Burns stood and watched the flames rise up into the dark sky. This must be what it's like on a battlefield, he thought to himself - the heat, the light, the almost ungodly noise. But despite the thrill of robbing another man of his livelihood, C.Montgomery Burns was a troubled man.

It had to be this way. Cletus, the inbred who had taken the leftovers from Project 7F, had come back to the plant after discovering what his 'fertilizer' had done to his crops. Burns couldn't afford the adverse publicity that the yokel could potentially bring upon his company, so it had been necessary to have the evidence destroyed.

"Burn them!

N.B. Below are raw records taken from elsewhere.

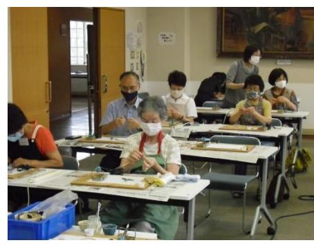
<ふちをテープで巻きます>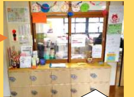
児童館受付 遊びに来たら最初にきてね。

★幼児・小学生の自転車やキックボードでの来館はできません。 ★おもちゃ・おやつ・貴重品を持ってきません。 児童館の入口(春日北通り)は駐停車禁止です。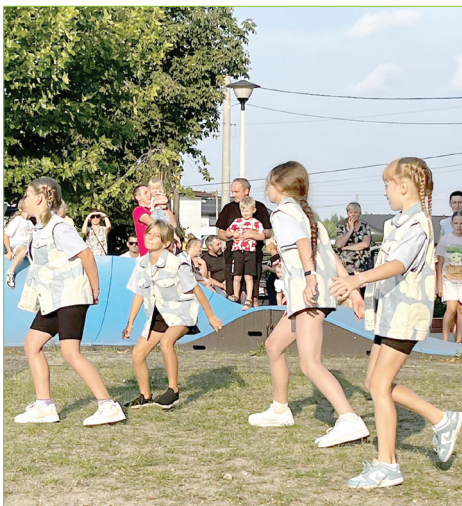
Występ grupy tanecznej zespołu RYTMIX

Placówka Banku Spółdzielczego przy Urzędzie Gminy w Godowie ponownie czynna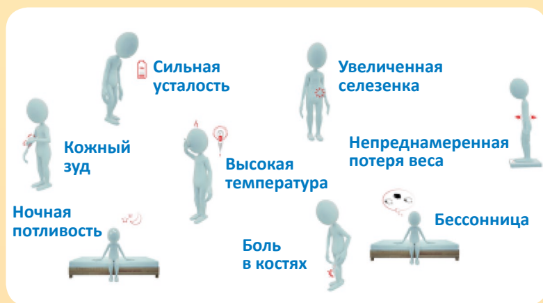
Рисунок 1. Симптомы истинной полицитемии

К основным симптомам, которые могут иметь место при ИП, относятся: слабость, кожный зуд, ночная потливость, боли в костях, тяжесть или боли в левом подреберье (связаны с увеличением селезенки), повышение температуры, потеря веса (рисунки 1).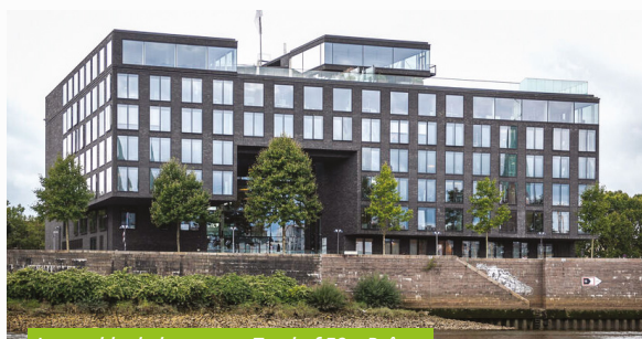
Immeuble de bureaux - Teerhof 59 - Brême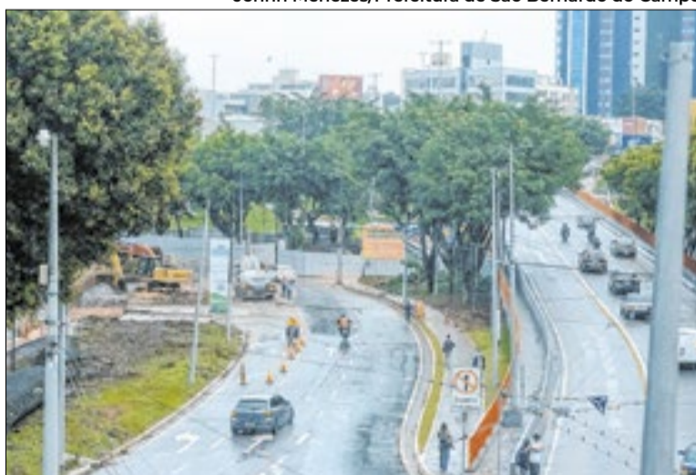
Motoristas devem utilizar rotas alternativas durante as obras

Nos primeiros 30 dias, o acesso do trólebus continuará ativo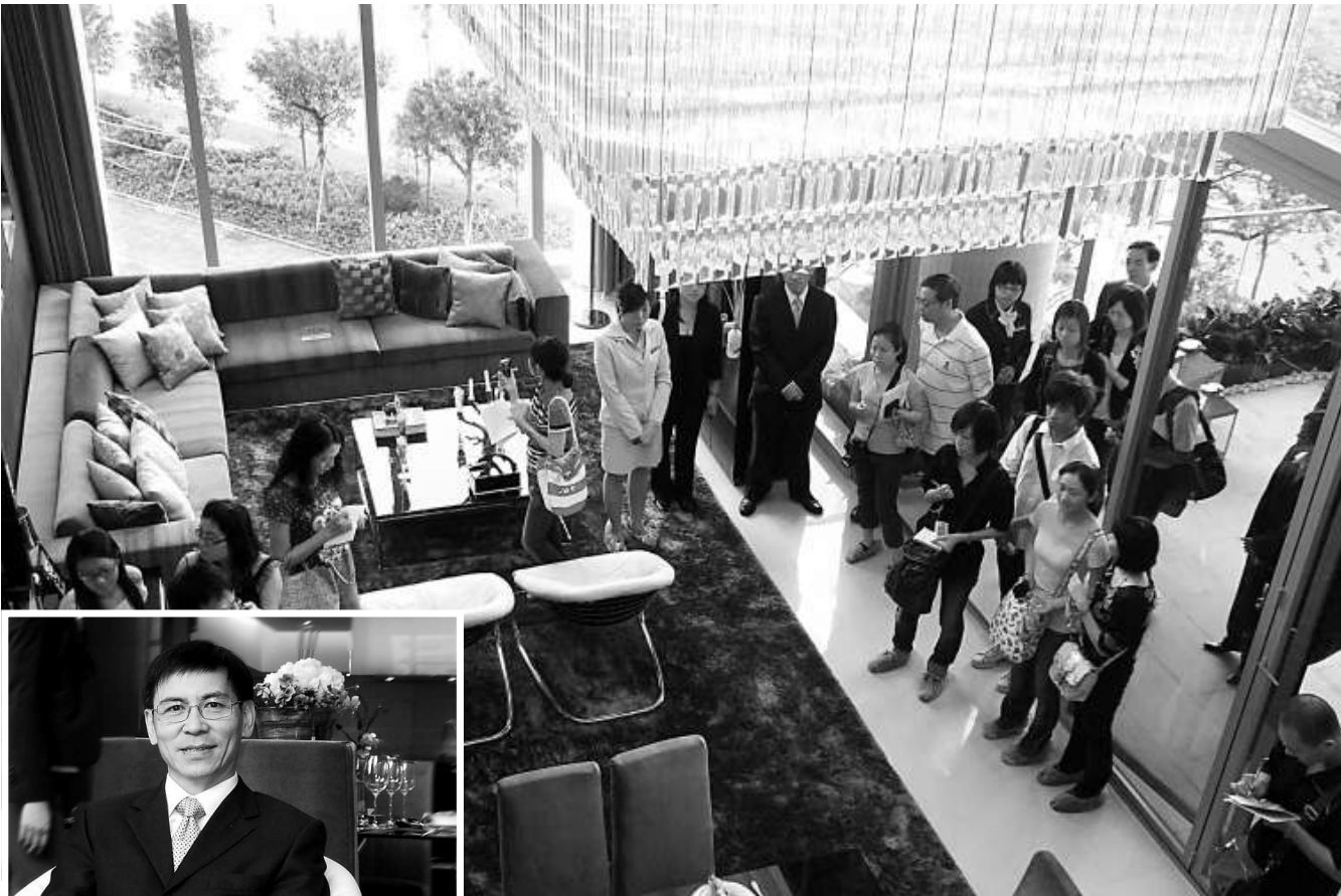
▲花都·凱旋門350平方米殿堂大宅盡顯奢華

鄭正輝還透露，之所以選擇花都建設豪宅高品位社區，主要是花都在珠三角特殊的地理位置和交通上的優勢。「廣州毗鄰香港，香港人到廣州都很方便，不過這次豪宅主要的消費群針對廣州和花都的消費者，不會向香港進行特別推介，因為我們更相信當地的購買力。」鄭正輝最後評價說。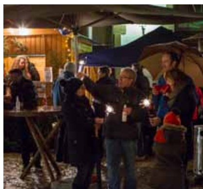
► Chrëschtmoart 2014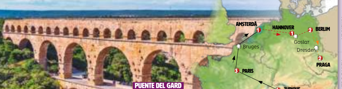
PUENTE DEL GARD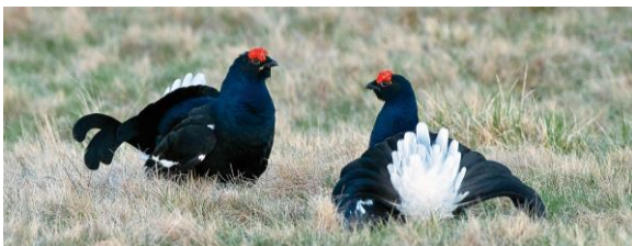
Balzende Birkhähne

Wie auch beim Auerhuhn unterscheiden sich Hähne und Hennen deutlich in Gefieder und Körpergröße. Das Weibchen ist beige braun gesprenkelt. Die Männchen zeigen sich hingegen im auffällig schwarz-weiß schillernden Federkleid. Das Tarngefieder des Weibchens ist überlebenswichtig, weil es, wie alle Hühnervögel das Nest am Boden baut und Brut und Aufzucht der Küken übernimmt.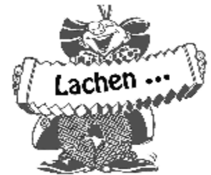
... ist die Musik der Seele!

16.-18.00 E Bücherei 16.30 E Rosenkranz 19.00 MK Pfarrgottesdienst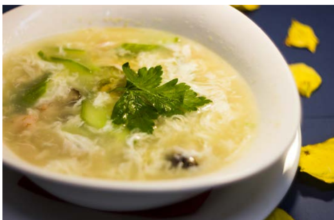
2.6. СУП ИЗ МОРЕПРОДУКТОВ 海鲜汤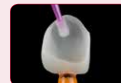
Spajanje sa svim restauracijama

Nakon tačne pripreme (jetkanje ili pjeskarenje), G-Multi PRIMER osigurava postojanu adheziju za sve estetske restaurativne materijale.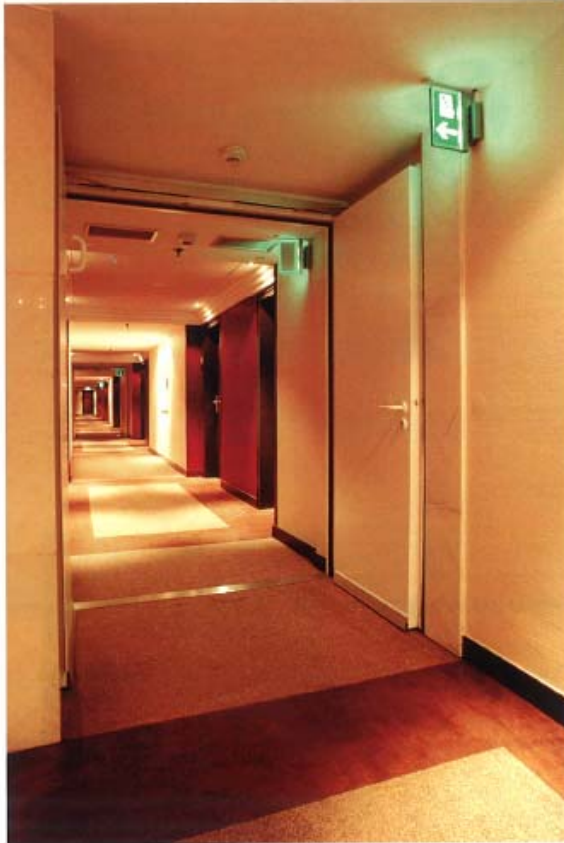
Nachgerüstete Feuerschutztüren auf einem Flur des Hotels

Um die Sicherheit in einem Brandfall zu erhöhen, setzt das Frankfurter Westin Grand Hotel auf das Nachrüst-Rauchschutzsystem von „System Schröders“ aus Erkelenz.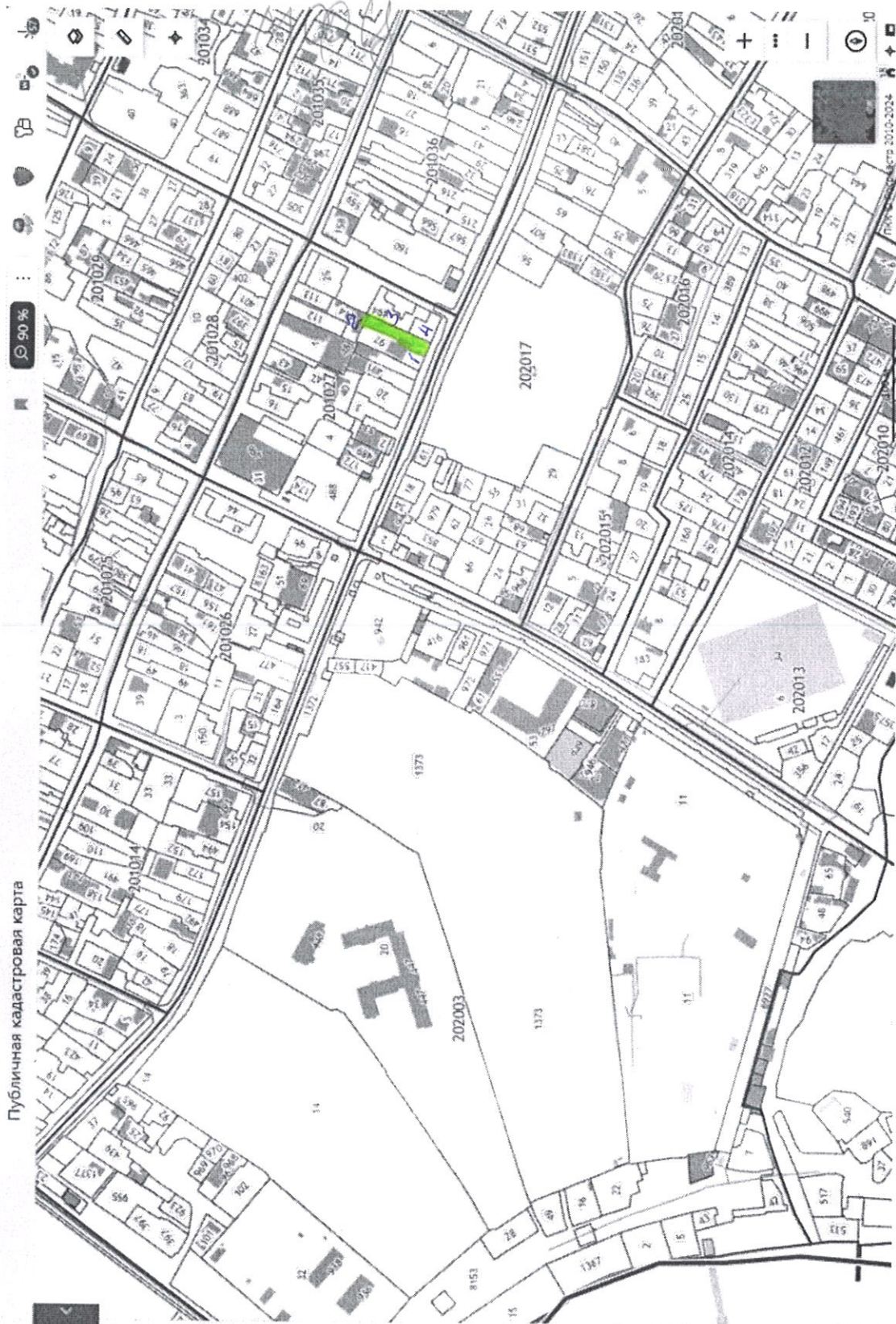
Публичная кадастровая карта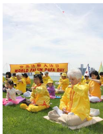
图（依序）：台湾大法弟子游行庆祝大法日；美国华盛顿 DC 法轮功小弟子们；美加边境的底特律河畔集体炼功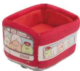
てのりぬいぐるみ（イメージ）つなげてあそべます 980円（税抜）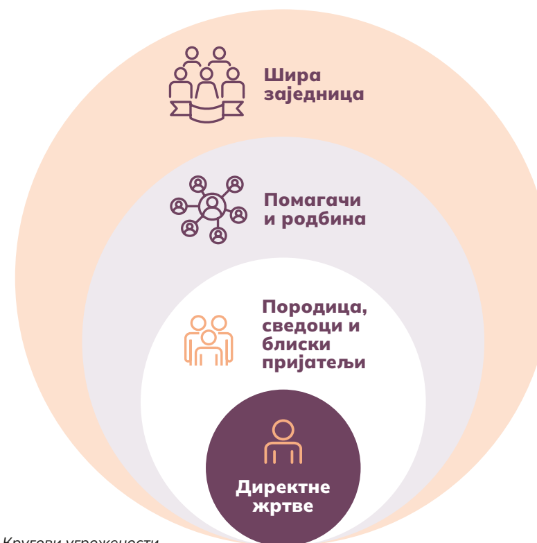
Слика 2. Кругови угрожености

Како би се установа што пре вратила у режим редовног функционисања, потребно је да се установи пружи подршка правовремено и на стручан начин.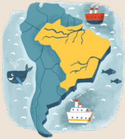
巴西是南美洲最大的國家。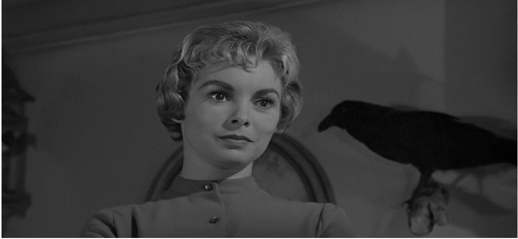
Fig. 3 La vittima ( Psycho , min. 43"28)

Come già anticipato, è lo stesso Hitchcock a suggerire una forte sovrapposizione dei suoi protagonisti con la scena circostante; sono infatti molteplici i riferimenti alla natura duplice di Norman, nonché quelli al pericolo cui è sottoposta Marion.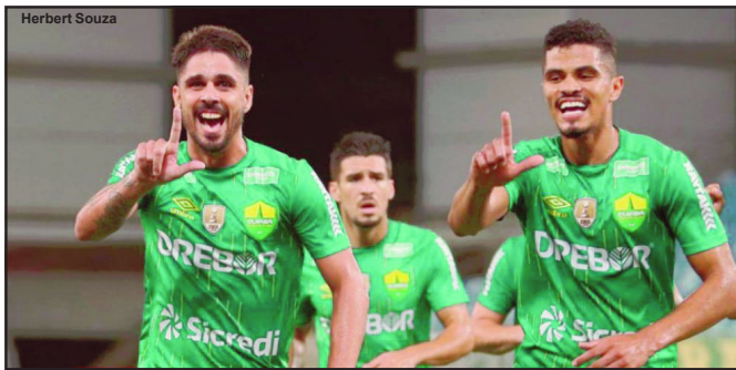
Cuiabá está próximo ao acesso para a Série A

Make sure you destroy every trace!" Smithers barked to the gaggle of flamethrower-wielding operatives ploughing through the field, in a vain attempt to raise his voice over the roaring carnage. Satisfied he had exerted his authority, he turned his attention to an emotional Cletus. "Delroy, we need to know, did you use all of that fertilizer on your plants?"

"Ah.. ah think so. I don't got no uther place for it." Cletus sniffed. "Those was mah bestiest corn crops before alla this.. what amah gunna tell Francine?"

"You THINK so or you KNOW so?" snapped Smithers impatiently. "If any of this came into contact with humans, the results could be disastrous!"

Cletus nodded, Smithers' words failing to register inside his limited mind. "There ain't been no people near this stuff, 'cept me.. darn lucky they took the young 'uns into care, I guess."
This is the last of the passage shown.